# Very cool and simple Ghost effect



## grimghost (May 24, 2010)

saw this while searching the web, very cool effect

http://www.wackyarchives.com/offbeat/easy-do-it-yourself-ghost.html


----------



## MorbidMariah (Mar 28, 2009)

Yeah, I remember seeing this on HauntProject before. SO cool! From a distance, it is just beautiful and ethereal.


----------



## hpropman (Jul 27, 2008)

cool idea if you have a big yard to haunt thanks for sharing


----------



## Girl of Vlad (Sep 3, 2009)

thanks for sharing that, great idea.


----------



## Granges Grim Ghouls (Jan 31, 2009)

I made this ghost. I love it. But i don't think anyone saw it. Should it put some light on it??


----------



## tot13 (Jul 25, 2007)

Granges Grim Ghouls said:


> I made this ghost. I love it. But i don't think anyone saw it. Should it put some light on it??

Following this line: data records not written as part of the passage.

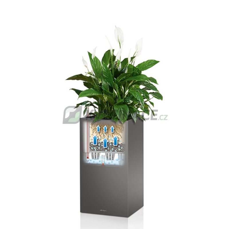 Lechuza Canto Premium Tower 40 antracit má lakovaný povrch s metalickou šedou barvou a rozměry 40x40x76cm. Je vhodný do interiéru i exteriéru s možností dokoupit pojezdová kolečka 50 pro snadnou manipulaci. Květináč obsahuje samozavlažovací set s nádrží na vodu 7 litrů a objem zeminy na 29 litrů.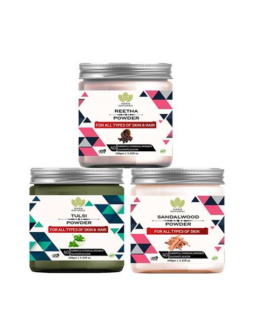- » 100% pure & naturals reetha powder 100gm & tulsi powder 100gm & sandalwood powder 100gm (pack of 3) 300gm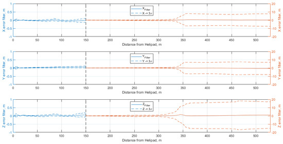 LM position estimates errors average over 50 simulations and 3−sigma bounds. VTCA landing trajectory in nominal visibility conditions. The plot scale is increased in the last 150 m to better show the errors in the final phase of the approach. The 350 m distance (black vertical line) from the landing pad is the selected threshold for TPVF.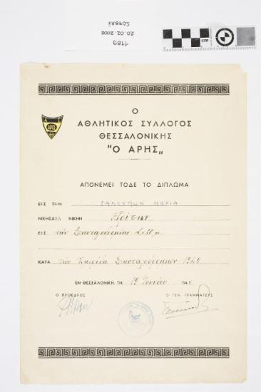 Το δίπλωμα απονεμήθηκε από τον Αθλητικό Σύλλογο Θεσσαλονίκης "Ο ΑΡΗΣ" στη Γαλούπη Μαρία για την κατάκτηση της 3ης θέσης στην σκυταλοδρομία 4x80 μ., κατά την ημερίδα σκυταλοδρομίας το 1949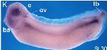 hunk (hormonally up-regulated Neu-associated kinase) gene expression in Xenopus laevis embryo, assayed via in situ hybridization, NF stage 23, lateral view, anterior left, dorsal up. |
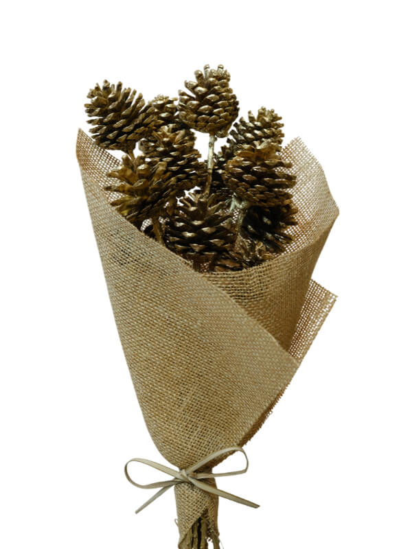 Pine Cone features woody, seed-bearing cone in a gold tone, designed to replicate the look and feel of pine. These real-touch faux pine cone are sold by the bouquet, wrapped in clear cellophane and available by the box for an additional 5% off. Trusted by florists, wedding designers, and event professionals for long-lasting arrangements.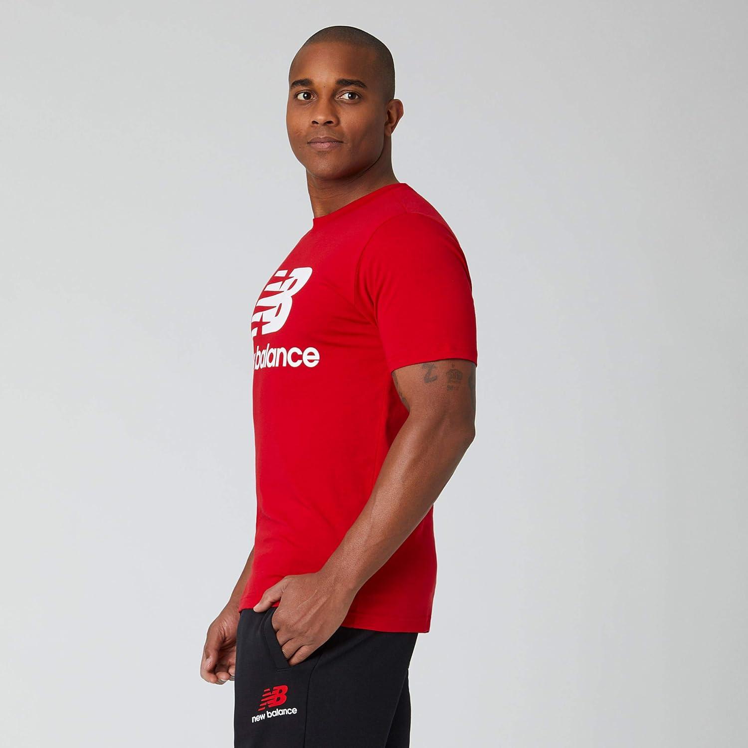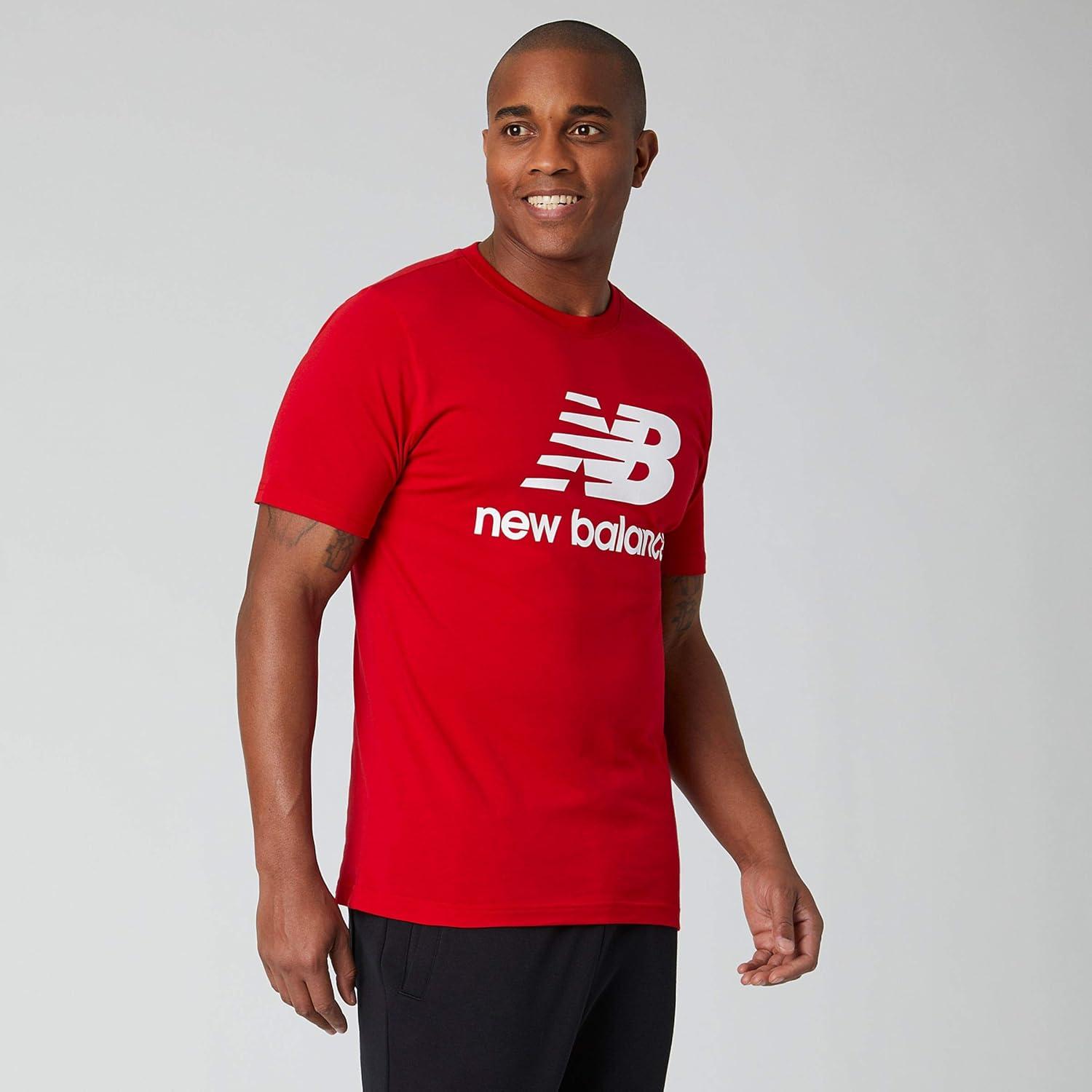 Add a versatile and easy-to-wear shirt to your wardrobe with the New Balance Essentials Stacked Logo Tee, which features comfortable and durable cotton jersey knit fabric, so it can withstand heavy use. Whether you're wearing this men's short sleeve shirt around the house, during visits with family or outings with the guys, the casual styling ensures it won't look out of place.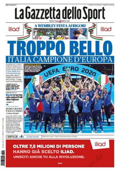 «Είναι δικό μας. Τρελοί ατζούρι στο Γουέμπλει», γράφει στο πρώτο φίλο η «Corriere dello Sport», με την «Gazzetta dello Sport» να έχει τίτλο: «Γιορτή στα πέναλτι στο Γουέμπλεϊ, Πάρα πολύ όμορφο, η Ιταλία πρωταθλήτρια Ευρώπης.
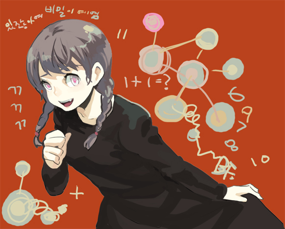 1girl archived_source artist_name bf._(sogogiching) black_dress black_mouth black_sleeves braid breasts collarbone commentary_request dress eyelashes fang grey_hair hair_tie impasto korean_commentary looking_at_viewer math medium_breasts no_lineart open_mouth original pink_pupils red_background signature solo tongue translation_request twin_braids twintails upper_body white_eyes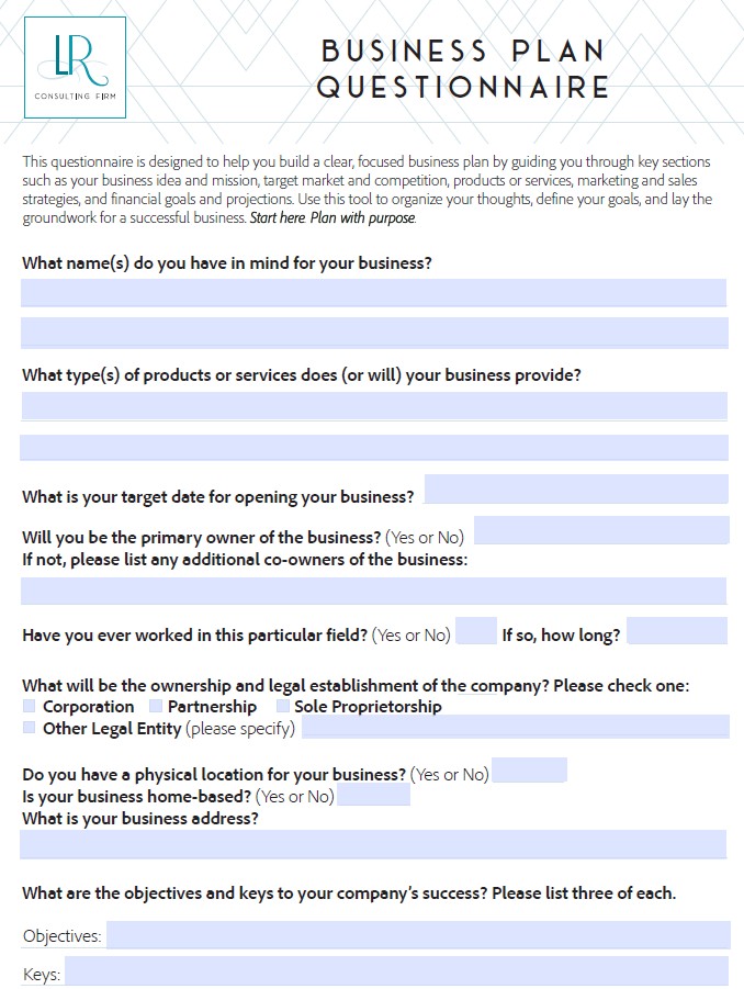 This questionnaire is designed to help you build a clear, focused business plan by guiding you through key sections such as your business idea and mission, target market and competition, products or services, marketing and sales strategies, and financial goals and projections. Use this tool to organize your thoughts, define your goals, and lay the groundwork for a successful business.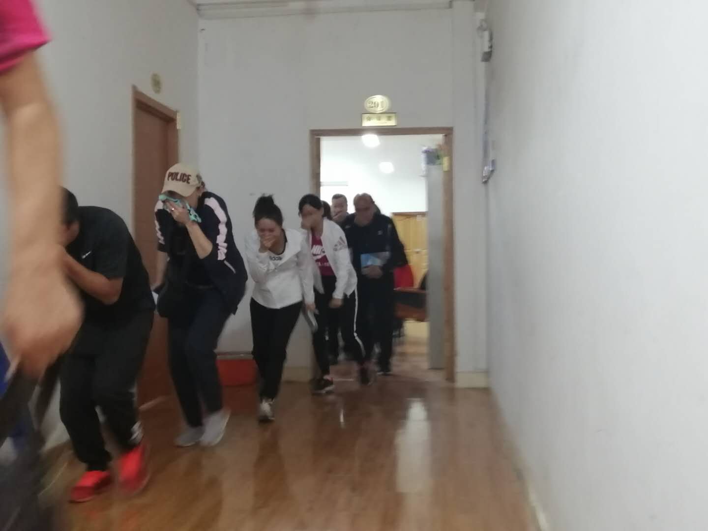 在培训课上,胡教官结合体育部建筑结构及所在地理位置的特点,采用PPT及现场模拟演练相结合的形式生动的讲解当火灾、地震发生时该如何自救及逃生,为教职工讲解了怎样预防火灾,怎样在地震、火灾时自救,如何在报火警时正确的叙述自己所在的位置等。培训内容涉及容易引发火灾的消防安全隐患、电器设施设备的正确使用方式、燃气及电器使用的火情紧急情况处置、鉴别灭火器是否有效和正确的使用方法、火灾应急疏散常识等。

Is your chicken wire shiny and new? If not, it may be difficult to see if you don't already know its there. Also, you may hit it with some chrome spray paint and then try a little back-lighting to really make it stand out.


----------



## Mr_Chicken (Nov 26, 2008)

A little light from below or above is worth a try. Just enough to let the wire catch a little of the light, but not enough to really light up the whole area. It's supposed to be a subtle effect.


----------



## GhoulishGadgets (May 13, 2010)

Sweet effect, I like that, great as a distant effect

would be interesting to try different lighting effects
- if in total darkness, so unseen normally, then fade up lighting, then down again 
- or have a few in different positions and sequence the fading to almost give a jumping around impression (maybe strobes would be better)

then theres always the idea of animating this in many ways... turning would be simple, perhaps on a small track to make the ghost glide? 

and of course, add a some chilled fog

Si


----------



## BioHazardCustoms (Aug 5, 2009)

We made this a while back, and used cheese cloth dipped in fabric softener as an outside layer. Under a black light from about 30-40 yards away, she is a VERY creepy lady. Can't get a decent nighttime picture, though.


----------